*BRIEF*: From the first line of the listing below to the line containing "I just wanna dance in London |", write out everything exactly. No pictures.

*PROVIDED DATA*:
[Start of Attachment]

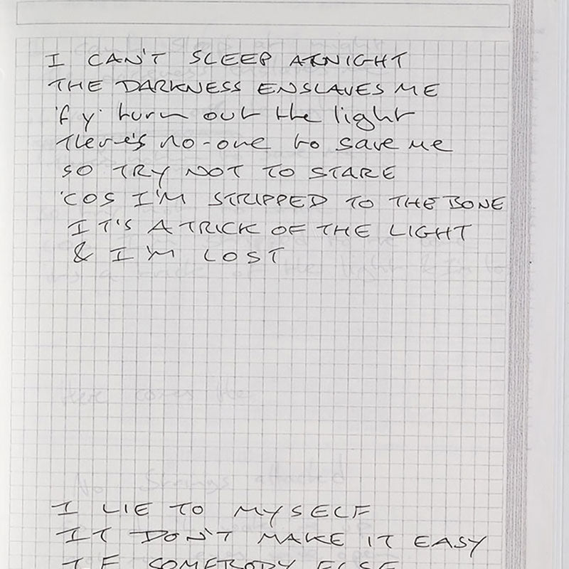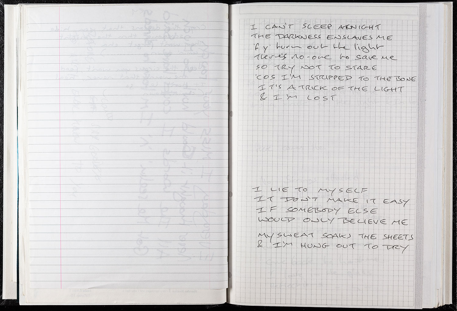 Handwritten lyrics-in-progress by Joe for "Gravity", found inside of his personal notebook. These lyrics contain some slight variations from the recorded version on X. From the Collection of Joe Elliott.
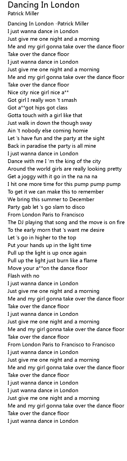 I just wanna dance in London |
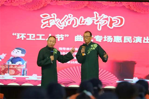 10月26日环卫工人节来临之际,由淮安市文联指导、市曲艺家协会主办、淮阴区城管局承办的“我们的节日”曲艺专场惠民演出在淮阴区城管局温情上演,数百名环卫工人代表齐聚一堂,共度属于他们的节日。 街头巷尾,那一抹橙黄迎风冒雪;车流人海中,扫帚声划破黎明。环卫工人作为“城市美容师”,他们的辛勤付出让城市更加整洁美丽。此次演出旨在致敬一线环卫工人,让他们的奉献被看见、被珍惜和被尊重。淮阴区城管局党组成员、副局长侯帅,淮安市曲艺家协会主席陈常亮,副主席单超、颜卫东、刘俊伟、林霖,秘书长杜飞强,以及淮安市老来依养老产业总经理杨国伟等领导和嘉宾出席本次活动。 演出在女声独唱《美丽的中国梦》中拉开帷幕,歌手刘亚芯嘹亮甜美的歌声,唱出了对美好生活的向往,也唱进了环卫工人的心坎里。随后,阿杜与颜卫东的对口相声《传统与现代》《欢声笑语》妙趣横生,引得满堂欢笑;相敏龙、林霖和袁小海的群口相声《训徒》,三位艺术家说学逗唱,展现了传统曲艺的魅力;双簧《最佳拍档》更是精彩纷呈,现场掌声此起彼伏。 值得一提的是,本场演出不仅有名家献艺,环卫工人和城管队员也主动登台展示风采。环卫工人徐芹、朱洪莲分别演唱了《说句心里话》和《我只在乎你》,质朴的歌声中饱含着对岗位的热爱。区城管局执法大队的男声小合唱《祖国不会忘记》,整齐有力,抒发了城市管理工作者的赤子情怀,将现场气氛推向高潮。 市曲协副主席刘俊伟表示,一直想近距离为环卫工人演出,他们的奉献精神感染着每一位演职人员,希望通过这样的形式,让艺术真正走进劳动者中间。环卫工人葛梅勤激动地说:“能在自己的节日里欣赏这么高水平的演出,还能看到同事上台表演,心里特别温暖。”。 市曲协主席陈常亮在接受记者采访时指出,此次活动不仅为环卫工人带来了欢乐和祝福,增强了他们的职业归属感和城市认同感,也提升了全市曲艺同仁的才艺水平和文化自信。他进一步强调,全市曲艺家和曲艺爱好者将以党的二十届四中全会精神为指引,在建设文化强国的新征程上,用心用情书写传承中华文脉、坚定文化自信、促进淮安社会和经济高质量发展的辉煌新篇章。(朱玉石 杜飞强) 编辑:王世红

[End of Attachment]

*ANSWER FOR THIS EXERCISE*:
 Handwritten lyrics-in-progress by Joe for "Gravity", found inside of his personal notebook. These lyrics contain some slight variations from the recorded version on X. From the Collection of Joe Elliott.
 I just wanna dance in London |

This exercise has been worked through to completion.